Even a task as simple as getting dressed required enormous effort. At 11:00 a.m., valet Arthur Prettyman entered FDR’s bedroom and began the laborious task of dressing the president for his trip to the Capitol. While laying FDR flat in bed, Prettyman would remove the president’s pajamas and slip his legs into the heavy metal braces, which weighed roughly five pounds each. The braces had a hinge at the knee that could be locked into place, along with three straps: One went below FDR’s knee, another across his thigh, and a third was positioned at the top of the brace just below the hip. When pulled tight, the straps would keep his legs rigid. FDR’s black dress shoes were attached to the bottom of the braces through a hole drilled into the heel. The most difficult part of the process for Prettyman was trying to fit the lifeless feet into the shoes.10 Once the braces were strapped on and the shoes secured, Prettyman proceeded to dress the president. FDR chose formal morning clothes—black cutaway coat, striped trousers, and a gray and white tie. Roosevelt insisted on an added feature: a black armband he wore in memory of his mother. With the president still lying flat on the bed, his assistant would rock FDR to the right and then the left, gradually working his trousers over the shoes and braces and up his legs. Once the pants were on, Prettyman lifted the president to a sitting position on the bed and helped him put on his shirt, tie, and jacket. Once Roosevelt was dressed, Prettyman hoisted him into his wheelchair for the trip to the Capitol. The whole process took about forty-five minutes.11
Before leaving the White House, however, FDR made another brief visit to his physician’s office. He arrived at 11:55 a.m. and stayed for ten minutes. McIntire probably sprayed FDR’s nose to clear up any congestion and probably applied an ointment on his throat and mouth to keep his vocal cords moist.

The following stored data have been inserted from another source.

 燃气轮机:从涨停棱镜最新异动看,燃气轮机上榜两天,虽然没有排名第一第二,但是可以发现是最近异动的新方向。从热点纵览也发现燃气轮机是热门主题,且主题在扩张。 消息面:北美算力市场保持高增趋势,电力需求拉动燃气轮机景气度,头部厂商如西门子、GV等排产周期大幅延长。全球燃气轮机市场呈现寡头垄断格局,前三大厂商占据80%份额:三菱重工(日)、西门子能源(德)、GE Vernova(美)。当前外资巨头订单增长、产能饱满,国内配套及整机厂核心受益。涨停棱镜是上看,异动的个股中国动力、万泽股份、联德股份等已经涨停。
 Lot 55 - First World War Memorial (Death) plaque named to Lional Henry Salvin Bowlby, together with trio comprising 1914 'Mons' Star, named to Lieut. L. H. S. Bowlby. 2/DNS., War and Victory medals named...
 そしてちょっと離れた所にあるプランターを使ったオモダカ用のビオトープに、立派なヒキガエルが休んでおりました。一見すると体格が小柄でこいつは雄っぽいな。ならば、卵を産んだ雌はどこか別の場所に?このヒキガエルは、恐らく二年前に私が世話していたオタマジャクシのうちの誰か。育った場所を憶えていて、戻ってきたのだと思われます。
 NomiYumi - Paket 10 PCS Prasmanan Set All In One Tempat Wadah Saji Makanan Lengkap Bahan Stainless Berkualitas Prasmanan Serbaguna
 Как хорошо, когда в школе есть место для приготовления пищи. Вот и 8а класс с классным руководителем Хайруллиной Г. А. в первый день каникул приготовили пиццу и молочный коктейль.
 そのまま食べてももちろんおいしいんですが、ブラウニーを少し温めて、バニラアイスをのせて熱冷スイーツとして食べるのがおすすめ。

After his brief stopover with McIntire, Roosevelt was wheeled to the north portico of the White House. As he emerged into the open air, Roosevelt would have seen ten highly polished black limousines bearing the seal of the president. Up ahead, and reaching nearly to the west gate, stood a dozen escorting police on motorcycles. Never before had a president been so well protected. There were more Secret Service agents and police gathered around him than at any other time in his presidency, including his three inaugurals. Many agents carried sawed-off shotguns. Despite the cold weather, they had decided not to wear topcoats because they feared the extra clothing would hamper their ability to draw their .38-caliber service revolvers.12
Roosevelt must have been surprised to see a new, shiny limousine waiting to transport him to the Capitol. Since government rules prevented spending more than $750 for a single automobile, the president did not have an armored car. “We could pay a million and a half dollars for a cannon if we thought that would protect the President,” Mike Reilly observed, “but the book said $750 for a car, and when the book says anything in the government that’s it.” Although the car was billed as bulletproof, in reality, only the windows were able to stop bullets.13
As Roosevelt approached the car, he said to Reilly, “What’s that thing, Mike?”

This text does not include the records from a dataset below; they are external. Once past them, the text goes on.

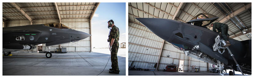 We zullen de F-35 hier dus minder zien dan de F-16. Voor het afronden van opleidingen en om bijzondere runs te oefenen.” Video still: sergeant-majoor Ruud Mol
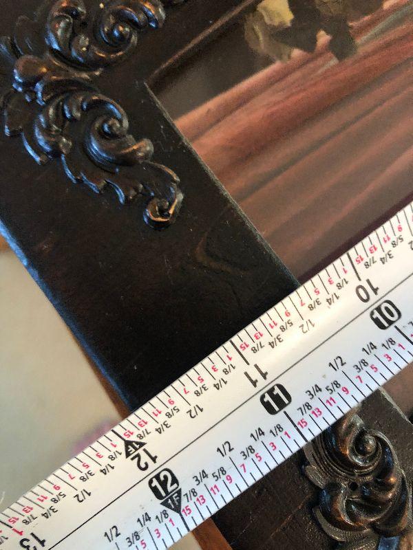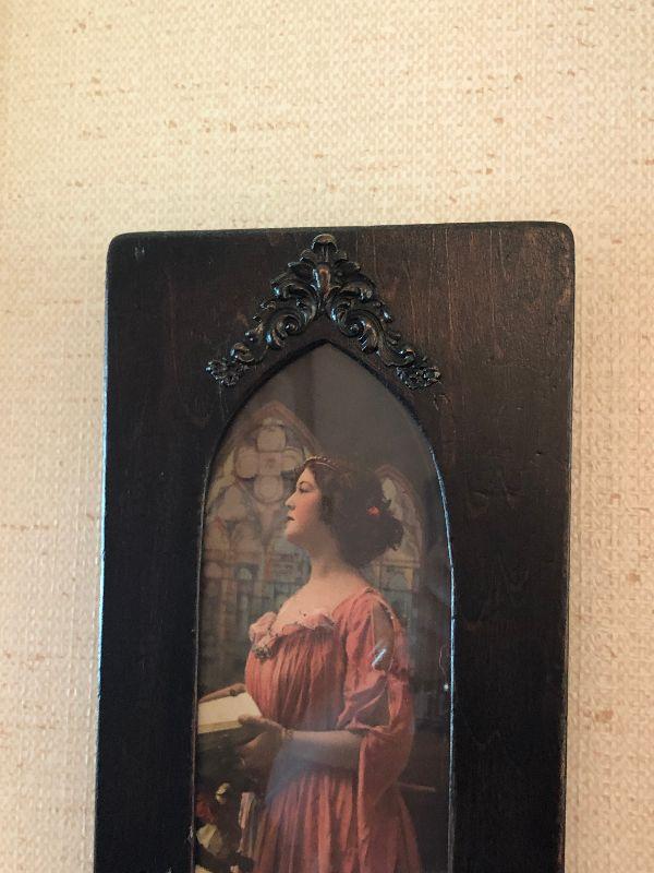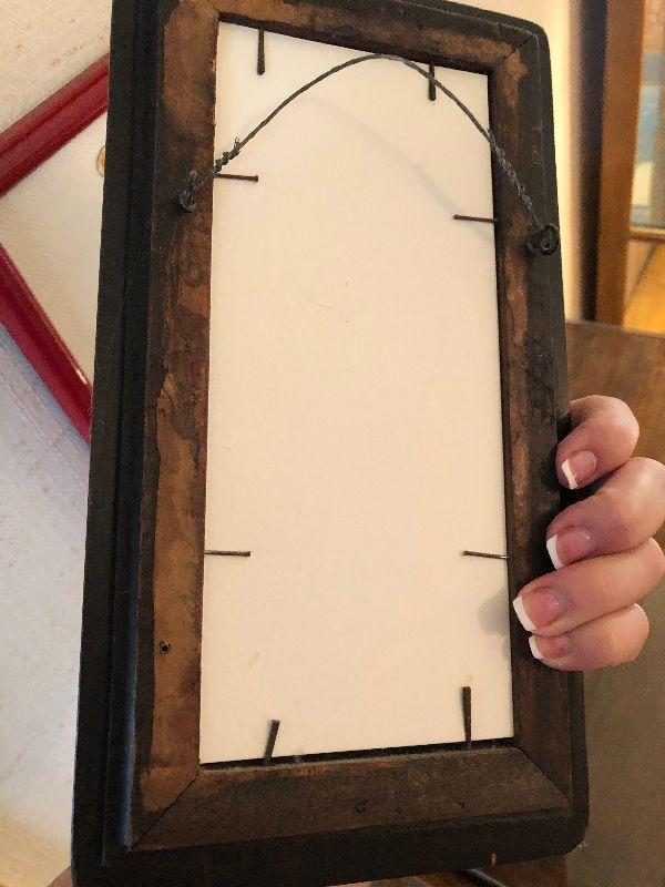This is petit in size and looks beautiful hung on wall. Dark carved wood with windowpane shaped glass frame. Please see all pictures for contents of the lot, the condition of items in the lot, and measurements of the items if taken. Thank you for looking and have fun bidding.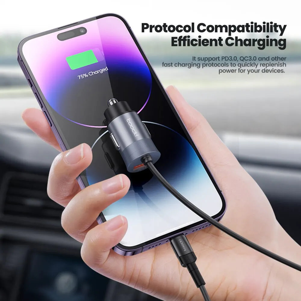 شاحن سيارة Toocki USB بقوة 65 وات، شحن سريع 3.0 4.0، شاحن هاتف للسيارة مع كابل شاشة من النوع C لأجهزة iPhone 15 14 13 12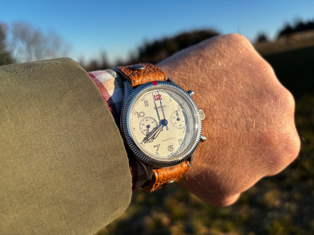 In addition to the brown leather strap with stainless steel buckle, this watch comes with a red/white/blue/black NATO-style nylon strap, both with matching hardware. A spring-bar removal tool is also included for easy strap swapping.

“Mr. President, I’ve taken the liberty of getting a new car. It’s armored, I’m afraid it’s a little uncomfortable, and I know it has a dubious reputation.”

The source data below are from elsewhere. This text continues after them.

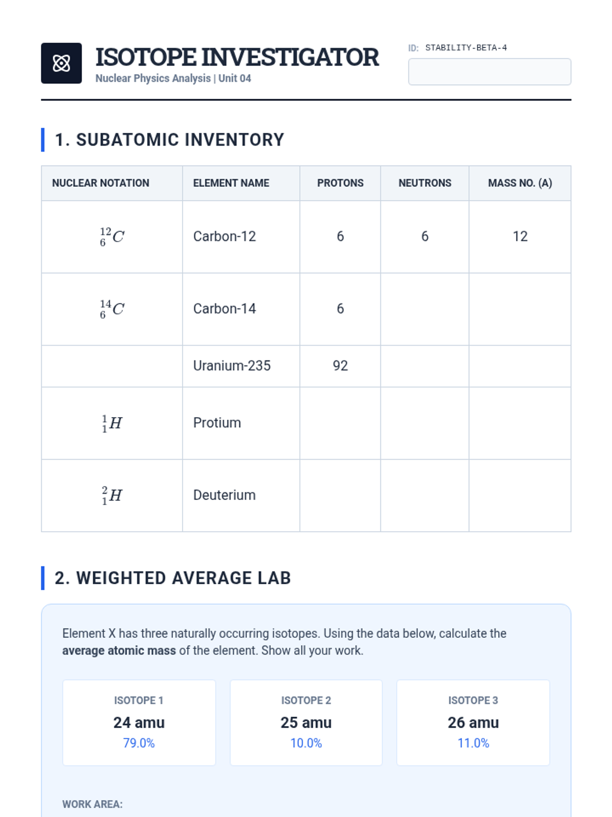 Students investigate isotopes to understand how atoms of the same element can have different masses due to neutron variation. This clarifies the concept of average atomic mass.
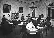 Through the efforts of Baron von Buxhoeveden, and also thanks to the patronage of Grand Duchess Alexandra Iosifovna, the experience of arranging Houses of Diligence was quickly spread throughout the empire.[18][22] By the time of the October Revolution, which put an end to the public solution to the problems of poverty, there were hundreds Houses of Diligence, they were represented in most large cities of Russia.[23][24]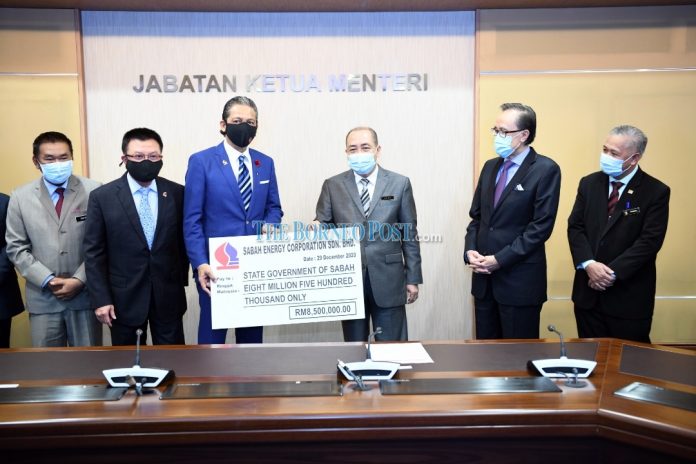 Sabah Energy Corporation Chairman Datuk Anuar Ayub (third left) presenting the replica cheque of RM8.5 million in dividend to Hajiji.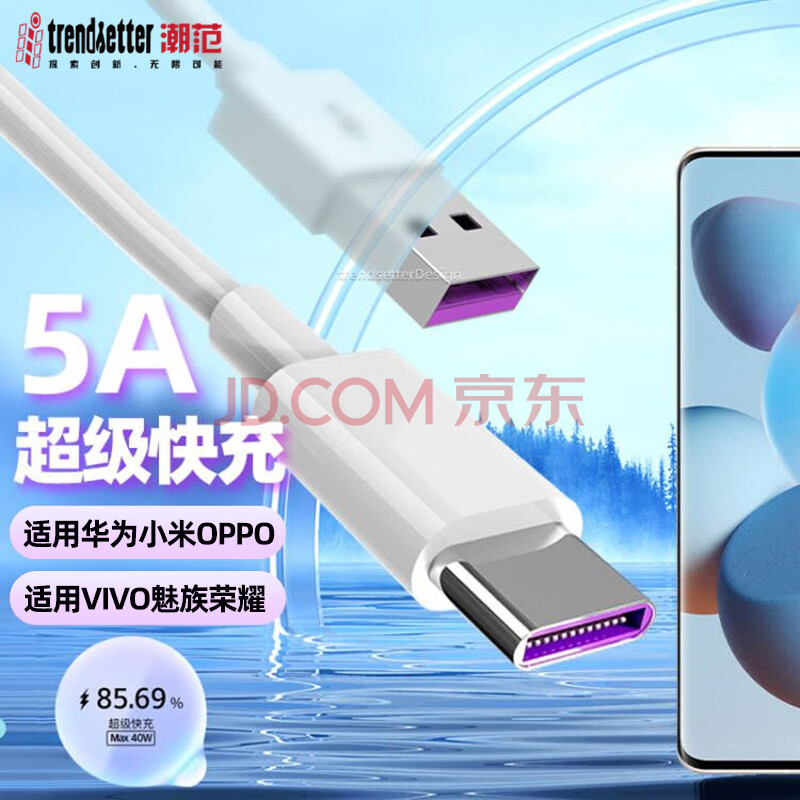 商品相册:trendsetter适用于华为数据线5A充电线66W快充mate/p/畅享/60/50/40/30/20/nova789101112荣耀充电线第

“Dubious reputation?” FDR asked inquisitively.
“Yes, sir. It belonged to Al Capone. The Treasury Department had a little trouble with Al, you know, and they got it from him in the subsequent legal complications. I got it from treasury.”
Roosevelt seemed amused. “I hope Mr. Capone doesn’t mind,” he said.14
Reilly and Roosevelt’s son James, dressed in his Marine Corps officer uniform, then lifted FDR to a standing position and maneuvered him into the car for the short ride. Eleanor, wearing a black hat, black suit, and a silver-fox fur, stood by his side, watching his every step. James jumped in with his father, while Eleanor took a backup car.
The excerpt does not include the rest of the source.